Lewis’s challenge, though, assumes that there are indeed critical disciplines; and while he could be dismissive of the exercise of critical scholarship on contemporary writing (needing critical help with modern literature was like needing your nanny to blow your nose for you, in one of his more mordant phrases), he knew – no less than Richards – that critical reading was a serious professional task for the academic. Eliot, by bringing major critical discussions into the cultural mainstream in such a distinctive and provocative way, provided his own witness to this, and its effectiveness is not in doubt.

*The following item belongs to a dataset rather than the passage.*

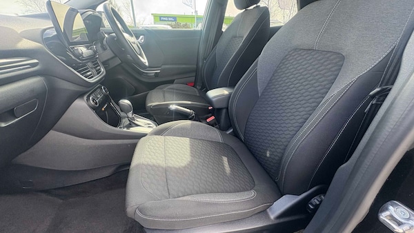 17in Alloy Wheels - 10-Spoke - Absolute Black Machined Finished, Quickclear Heated Windscreen, Ford SYNC 3 Navigation, Agate Black, Acoustic Laminated Windscreen, Active Grille Shutter, Ecoboost Hybrid Tailgate Badge, Electric Windows - Front and Rear, Front Bumper - Base Facia Body Colour with Lower Part Black, Locking Wheel Nuts, Lower Bodyside Moulding with Chrome Insert, Power-Foldable Heated Door Mirrors with Puddle Lamps, Puma Badge, Rear Bumper - Plastic Dual Colour, Privacy Glass, Rear Spoiler - Body Colour with Centre High Mounted Stop Light, Cloth - Black, Tailgate - Manual, Tyre Inflation Kit, 4.2in Colour TFT Analogue Instrument Cluster, Automatic Headlights with Rain-Sensing Wipers and Auto High Beam, Cruise Control with Intelligent Speed Assist, Front Fog Lights, Intelligent Speed Assistance, LED rear lights, Power Steering, Pre-Collision Assist with Autonomous Emergency Braking and Pedestrian-Cyclist Detection, Projector Headlamps with LED Daytime Running Lights, Rear Parking Sensors, Selectable Driving Modes - Normal - Eco - Sport - Slippery and Trail, Speed Limiter, Standard Suspension, Trip-Fuel Computer, Tyre Pressure Monitoring System - TPMS, ABS - Anti-lock Braking System, ESC - Electronic Stability Control and Hill Start Assist, Emergency Brake Warning - Automatic Hazard Warning Lights, First Aid Kit Strap, Lane Keeping Aid with Lane Departure Warning, Post Collision Braking, Remote Central-Double Locking, Thatcham Alarm, Traction Control and Emergency Braking Assistance, Automatic Dimming Rear View Mirror, Centre Console - Premium with Openable Stowage Area with USB Connectivity - 2 Cupholders and 12v Power Point, Courtesy Lights - Ambient LED Courtesy Lighting - Single Colour, Drivers Manual 4-Way Seat Adjustment with Manual Lumbar Adjust, Electronic Air Temperature Control - EATC, Ford MegaBox Extended Bootspace, Ford Power Starter Button, Front Floor Mats, Front Seats - Sports Style, Handbrake - Black Sensico Trimmed with Stitching, Headliner - Deluxe, Instrument Panel - High Level, Passengers Seat - 2-Way, Rear Seats - 2-Way Head Restraint Up-Down, Rear Seats - Second Row 60-40 Folding Seats, Restrain Device Pack, Sensico Steering Wheel - Handbrake and Gear Knob, Soft-feel Gearshift Boot with Metal Grey Stitching
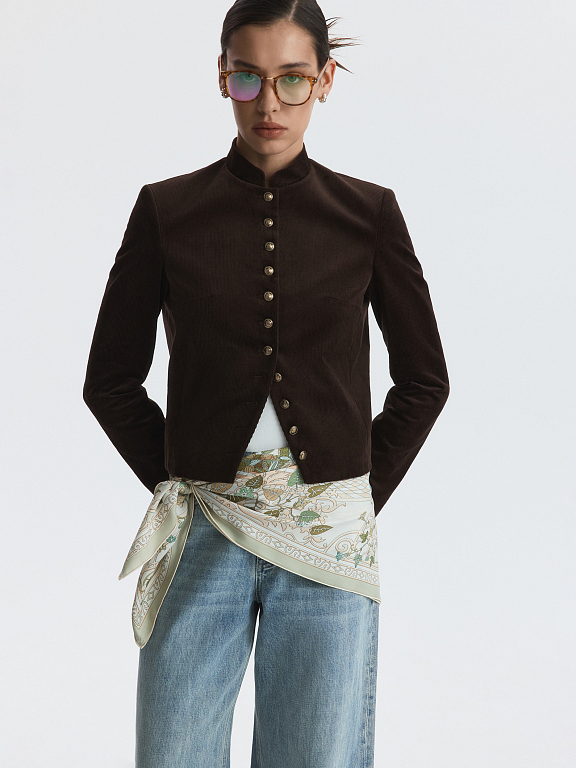 Двухсторонний платок станет многофункциональным аксессуаром: помимо традиционных способов его можно завязать на талию или носить как топ. Гладкий текстиль с содержанием натурального шелка подарит приятные тактильные ощущения.

Eliot is at long last receiving the kind of biographical treatment he deserves. Robert Crawford published last year the first volume of what will be a definitive account of his life and writings; it is a biography that, on the showing of this first volume, brings out with special clarity aspects of Eliot’s intellectual journey that have not been fully recognised – for example, the fact that he was already reading widely and deeply in the history of mystical literature, Eastern and Western, even in his undergraduate years at Harvard. A proper appreciation of Eliot’s stature is bound to include a recognition of this rich and diverse intellectual formation. As much as Yeats (whom we also celebrated here last year with a wonderfully lively conference), he was a major poet because he refused to be ‘just’ a poet: the

poetic work grew from and fed back into a set of passionate commitments about society, language and the essence of what it is to be human. As I write, we are mourning the death of Geoffrey Hill – one of those who have brilliantly kept alive the tradition of demanding critical argument and social polemic alongside their poetry. After a few months of unusual mendacity, rancour, hysteria and vulgarity in public and political debate in this country, we should be able to recognise just how and why figures like Eliot, Yeats and Hill matter so profoundly to our cultural health. The careful scrutiny of words and the complex and soulenlarging excess of words – that is, good criticism and good poetry – are more necessary than ever if we are to step back from the dominance of self-interested rhetoric that has no literacy about the past and no vision for the future. Eliot as critic as well as Eliot as poet contributed as much as any public figure of the twentieth century to the struggle for clarity and depth alike in language. Infuriating and inspiring in almost equal measure, he shows us what the poet as public intellectual can be. It is right that we should be proud of our association with him here in Magdalene; and wonderful that we shall have so significant a visible reminder of our connection in the shape of Valerie Eliot’s bequest.